French vaccines manufacturing division of Sanofi

Sanofi Pasteur is the vaccines division of the French multinational pharmaceutical company Sanofi. Sanofi Pasteur is the largest company in the world devoted entirely to vaccines. It is one of four global producers of the yellow fever vaccine.

== History ==

Since 1992, Sanofi Pasteur has sponsored Sanofi Biogenius Canada (SBC), a national, biotechnology-focused science competition for Canadian high school and CEGEP students. Those selected for the SBC work with local mentors, giving students hands-on research experience in a professional lab setting. Participants compile their results and present their findings at regional competitions. Cash prizes are awarded and regional winners advance to the National stage, where they vie for the top spot and the chance to compete in the International BioGENEius Challenge, held at the prestigious BIO International Convention – the largest biotechnology event in the world.

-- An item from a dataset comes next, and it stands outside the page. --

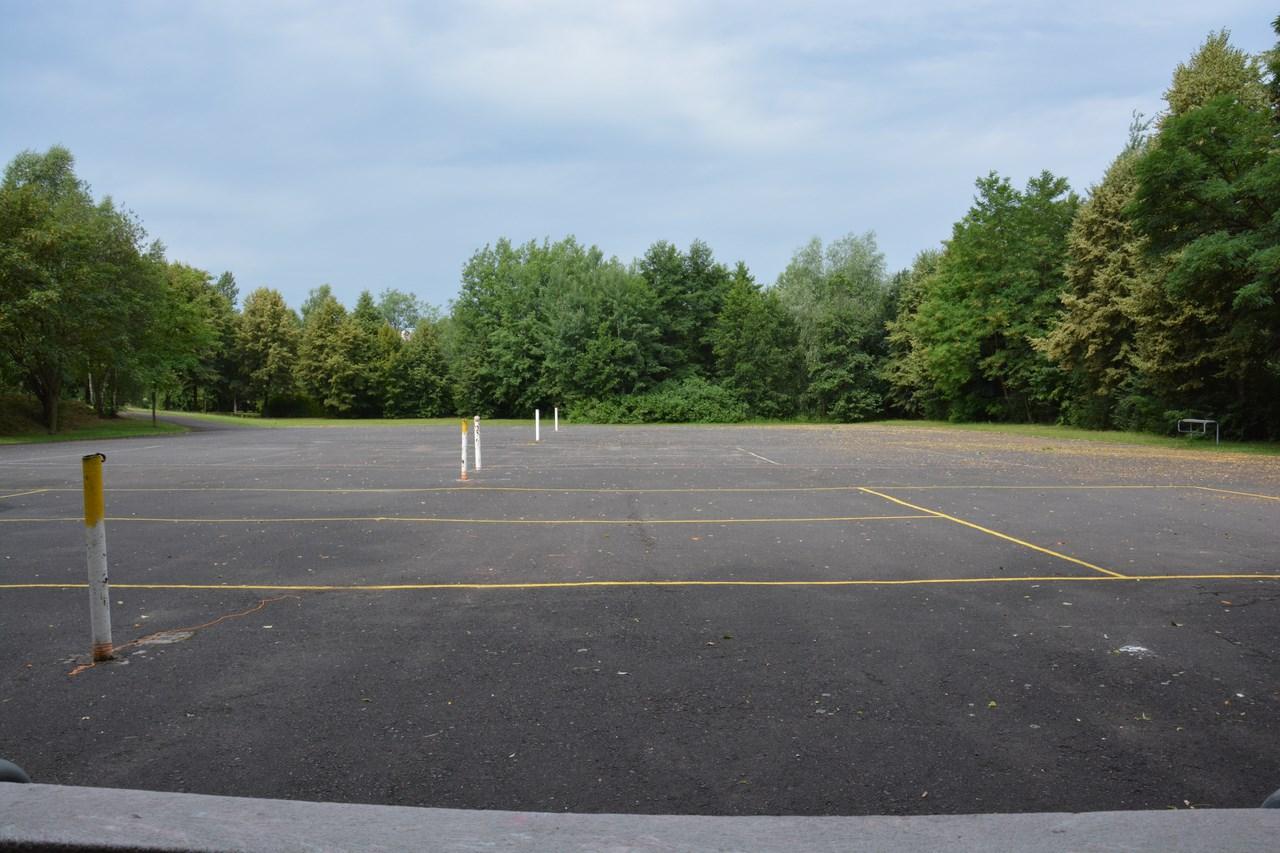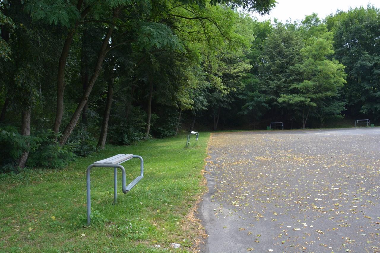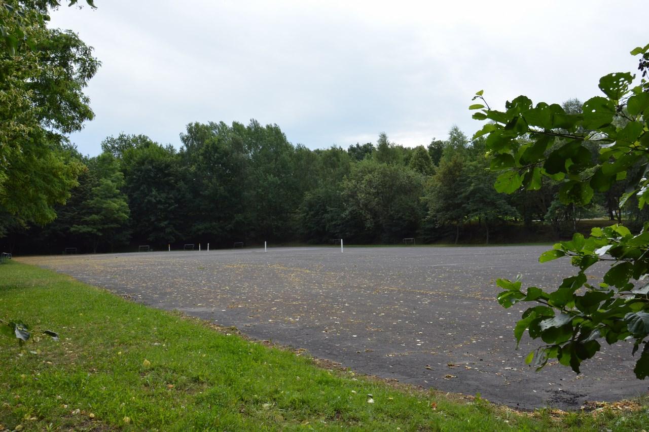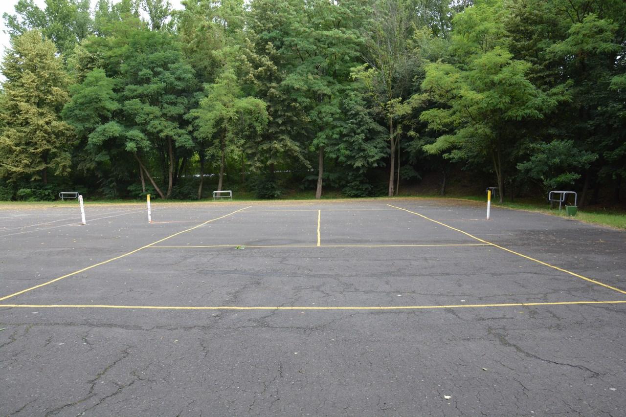 It is a concrete area surrounded by the benches. Two outlines of the tennis courts are visible on its premises. The courts do not have nets but there is possibility of installing one.
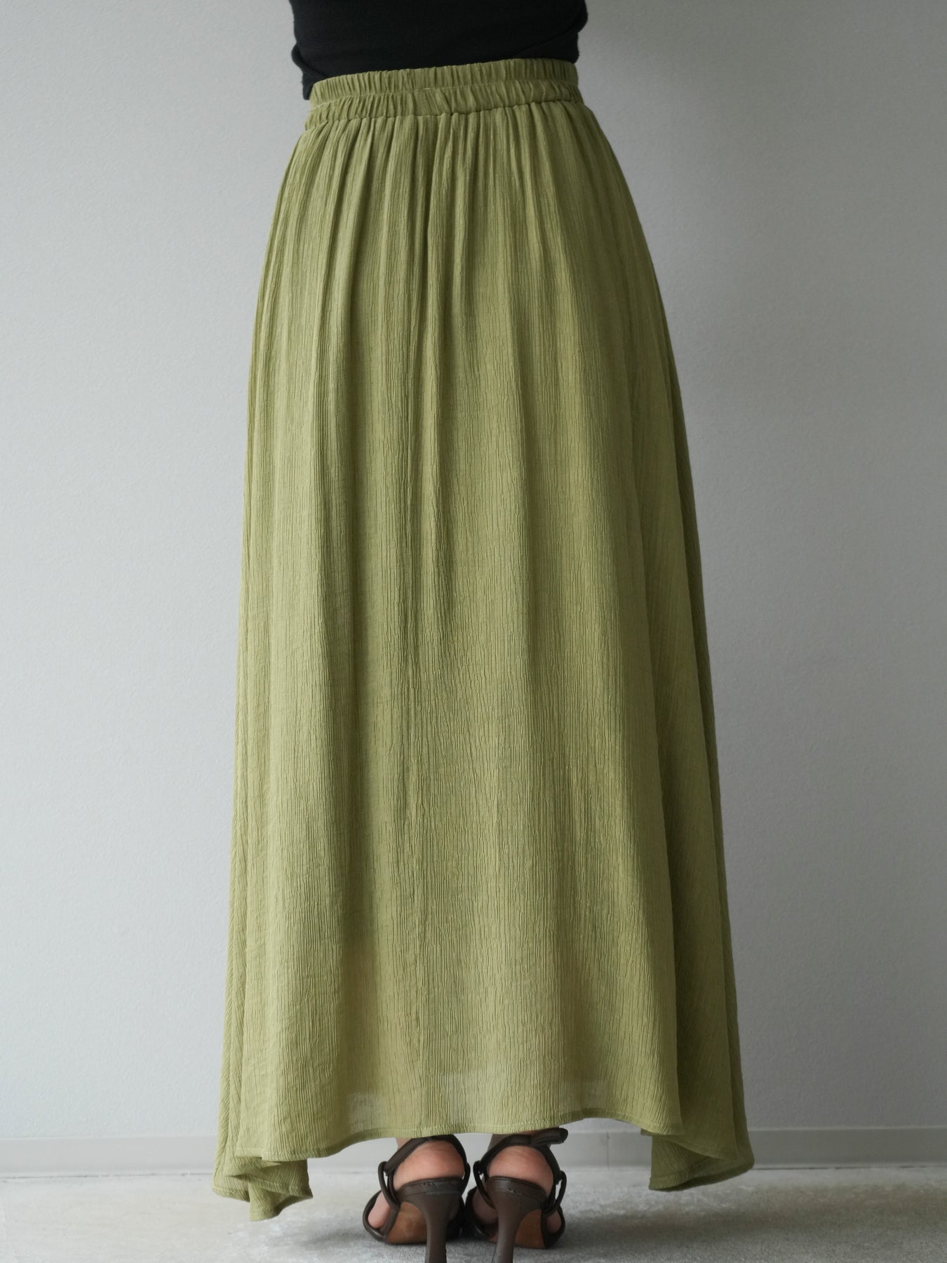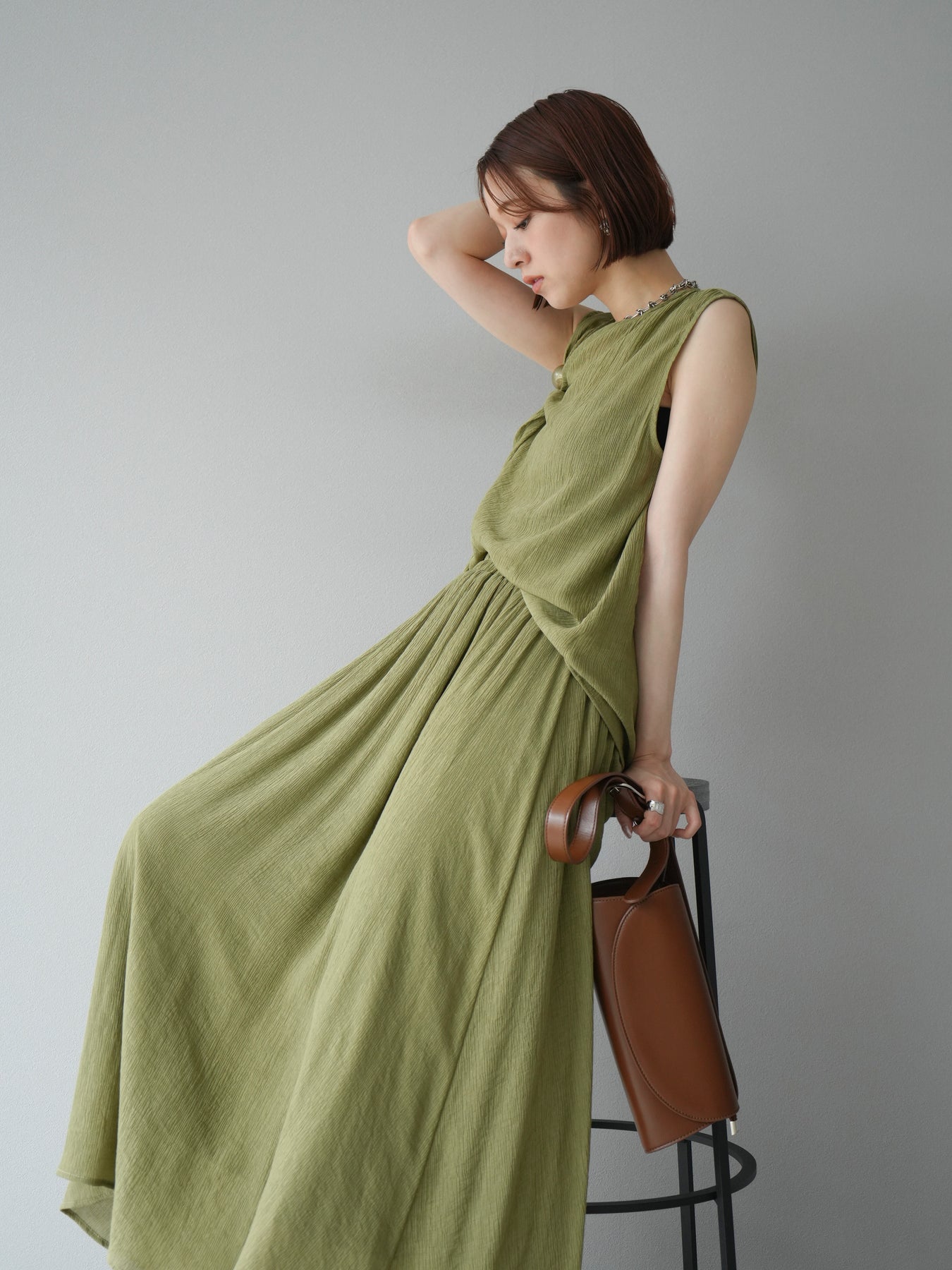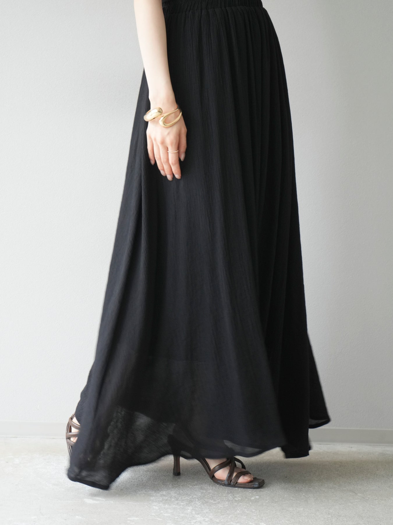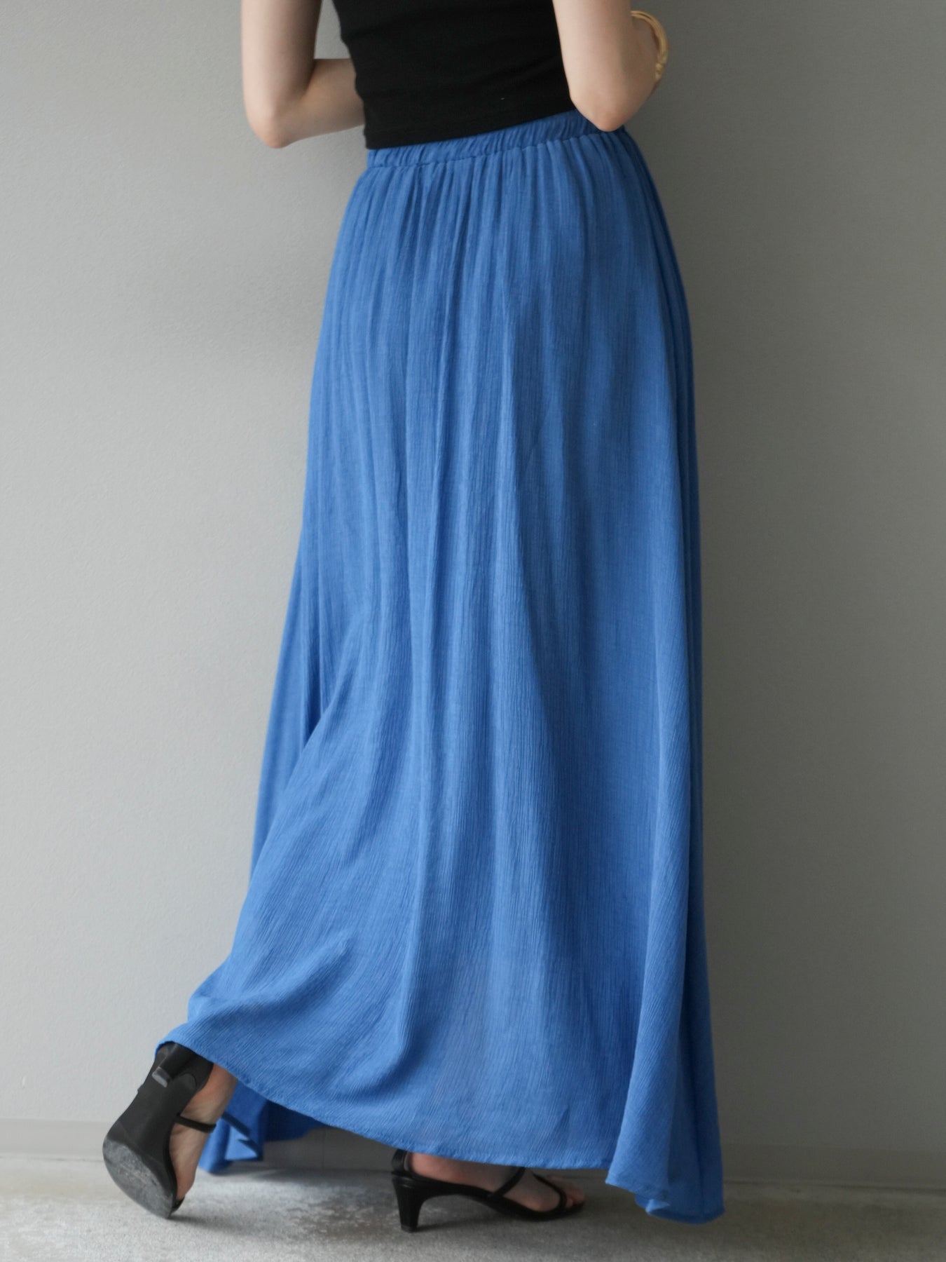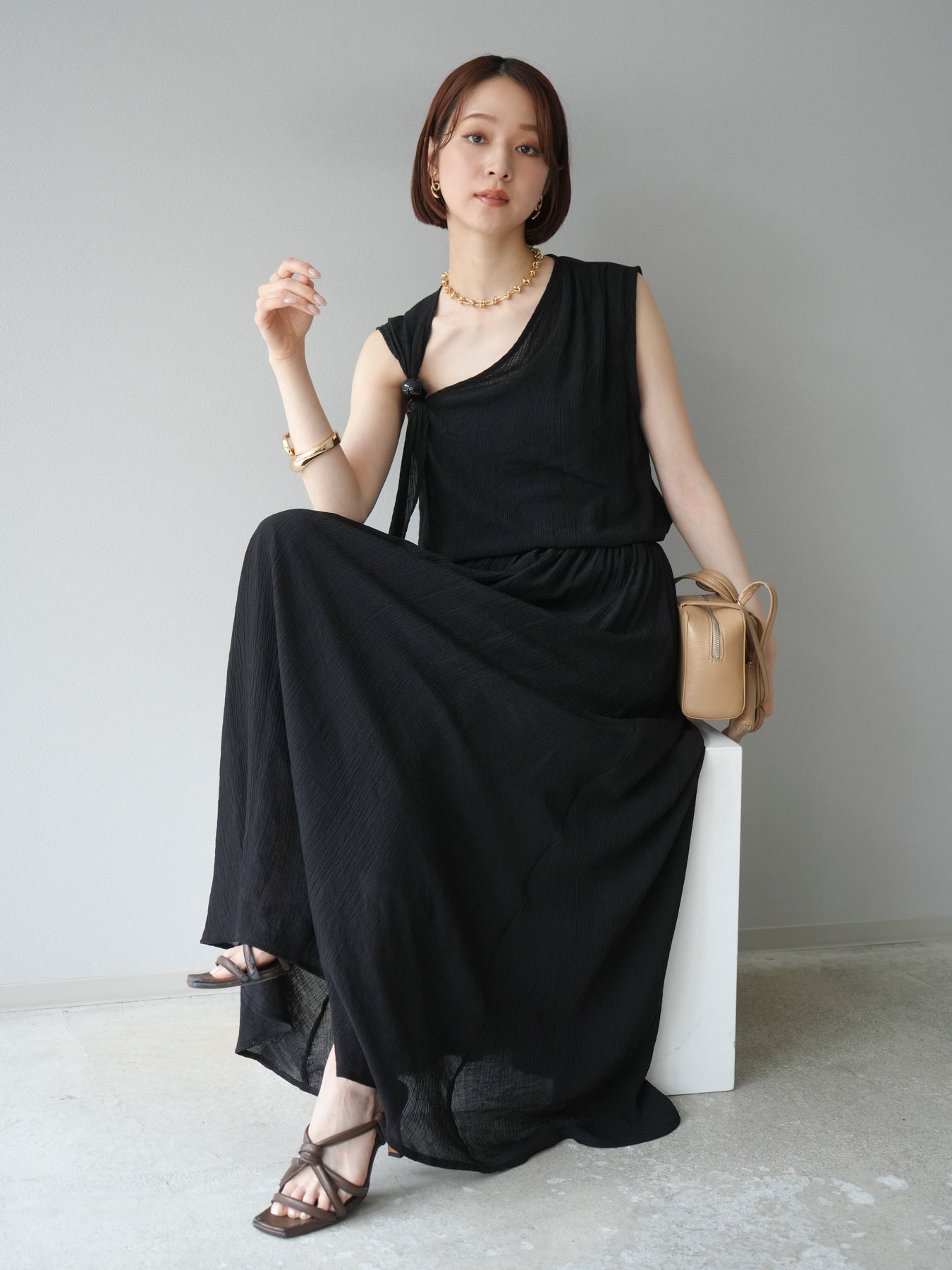 涼しげな楊柳素材を使用した、ビーズモチーフ付きアシンメトリーブラウスとフレアスカートのセットアップ。ブラウスは片側に寄せたドレープとビーズディテールがアクセントになり、1枚で立体感と動きを演出します。 スカートはウエストゴム仕様のストレスフリーな穿き心地で、揺れ感のあるフレアシルエットが女性らしさを引き立てます。軽やかな素材感が夏のムードにぴったりで、セットでも単品でも着回し力の高いアイテムです。 旅行やリゾートはもちろん、デイリーコーデにも映える大人のリラックススタイルに。 ※ボトムス、キャミソール(インナー)以外の商品は一律でインナーは付属していません。

In 2004, Aventis merged with and into Sanofi. The new Sanofi-Aventis Group became the world's 3rd largest pharmaceutical company. Aventis Pasteur, the vaccine division of Sanofi-Aventis Group, changed its name to Sanofi Pasteur. In 2014, Sanofi Pasteur stopped producing its effective Fav-Afrique antivenom because competition from cheaper though less powerful competitors made it unprofitable. Doctors Without Borders said that it would take two years to develop a similar antivenom, and that existing stocks would run out in June 2016.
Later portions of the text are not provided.